The Fundamental Group of the Circle, Part 4

Welcome back to our series on the fundamental group of the circle where we're following the outline below to prove that $\pi_1(S^1)\cong \mathbb{Z}$:

Part 1: Set-up/observations
Part 2: Show $\Phi$ is well defined
Part 3: Show $\Phi$ is a group homomorphism
Part 4: Show $\Phi$ is surjective
Part 5: Show $\Phi$ is injective (Note: parts 4 and 5 require two lemmas whose proofs we will defer until part 5)
Part 6: Prove the two lemmas used in parts 4 and 6

Last week we showed that the map $\Phi:\mathbb{Z}\to\pi_1(S^1)$ by $n\mapsto[\omega_n]$ where $\omega_n:[0,1]\to S^1$ is the loop given by $s\mapsto (\cos{2\pi n s}, \sin{2\pi n s})$ is a group homomorphism. Today we will show that $\Phi$ is surjective.

Claim: Φ is Surjective

To prove the claim, we will need the following lemma whose proof we defer until Part 6:
 
Lemma 1 (The Path Lifting Property): For each path $f:I\to S^1$, with $f(0)=x_0$ and for each $\tilde{x_0}\in p^{-1}(x_0)$, there is a unique lift $\tilde{f}:I\to\mathbb{R}$ such that $\tilde{f}(0)=\tilde{x_0}$.
 
A couple of observations:
  • It's easy to see that a path in the helix ($\mathbb{R}$) will project down to a path in $S^1$ (we've already used this idea in Part 3). Lemma 1 tells us that the converse is true too! That is, given a path $f$ 'downstairs' in $S^1$ that starts at $x_0$, and given a lift $\tilde{x_0}$ of $x_0$, there is a path $\tilde{f}$ 'upstairs' in $\mathbb{R}$ starting at $\tilde{x_0}$ that projects down to $f$.
  • Notice the set $p^{-1}(x_0)$ is infinite! So the lemma says that if you fix an $\tilde{x_0}\in p^{-1}(x_0)$ (we call this a point in the "fiber" above $x_0$), then there is a map $\tilde{f}:I\to\mathbb{R}$ which takes $0$ to that $\tilde{x_0}$.
We will assume Lemma 1 for now and will proceed to show $\Phi$ is onto.
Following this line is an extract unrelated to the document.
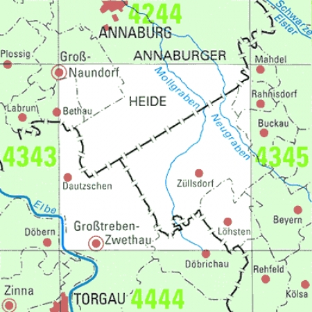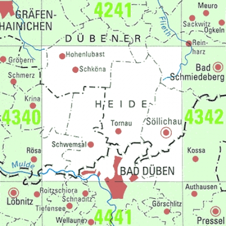 Maßstab 1:25 000, Nomenklatur: 4341, Name des Kartenblatts: Söllichau, Auflagejahr: 2022, Blattschnitt: Normalblattschnitt (Preußische Landesaufnahme), Gradabteilungskarte mit 10 min geographischer Länge und 6 min geographischer Breite, Geodätischer Raumbezug: GRS80-Ellipsoid, ...
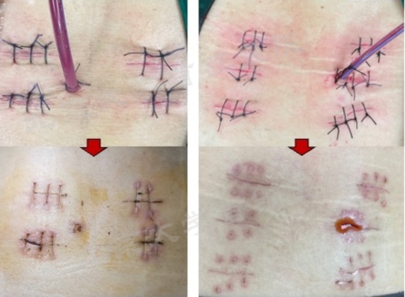 图5 我中心利用Quarterback切口放置引流管可以减少伤口愈合不佳

Let $[f]\in\pi_1(S^1)$ be the path-homotopy class* of some loop in $S^1$ and pick a representative $f:I\to S^1$ with base point $(1,0)=f(0)=f(1)$. We wish to show that there is an $n\in\mathbb{Z}$ such that $\Phi(n)=[f]$, i.e. such that $f\simeq \omega_n$ for some $n$.

To this end, begin by observing that $0\in p^{-1}(1,0)=\mathbb{Z}$. Hence by Lemma 1, there is a unique lift $\tilde{f}:I\to\mathbb{R}$ such that $\tilde{f}(0)=0$. Now since $$(p\circ \tilde{f})(1)=f(1)=(1,0)\in S^1,$$ we see that $\tilde{f}(1)$ must be an integer. In other words, $\tilde{f}$ is a path from $0$ to $n$ for some integer $n$. (In the picture below, $\tilde{f}$ is the red path and $n=3$.)
 
 
Thus $\tilde{f}\underset{F}{\simeq} \widetilde{\omega}_n$ for some homotopy $F$** and so $$f= p\circ\tilde{f}\;\underset{p\circ F}{\simeq}\; p\circ\widetilde{\omega}_n=\omega_n. $$ With this we conclude $[f]=[\omega_n]=\Phi(n)$ and so $\Phi$ is surjective.

Next time, we will prove $\Phi$ is one to one.

 

 
Footnotes:

* Just as a reminder, two paths $f$ and $g$ are path homotopic if they are homotopic and if their starting/ending points are the same.

** They are homotopic and not equal because $\tilde{f}$ isn't necessarily the straight line $\widetilde{\omega}_n(s)=ns$ for $s\in[0,1]$.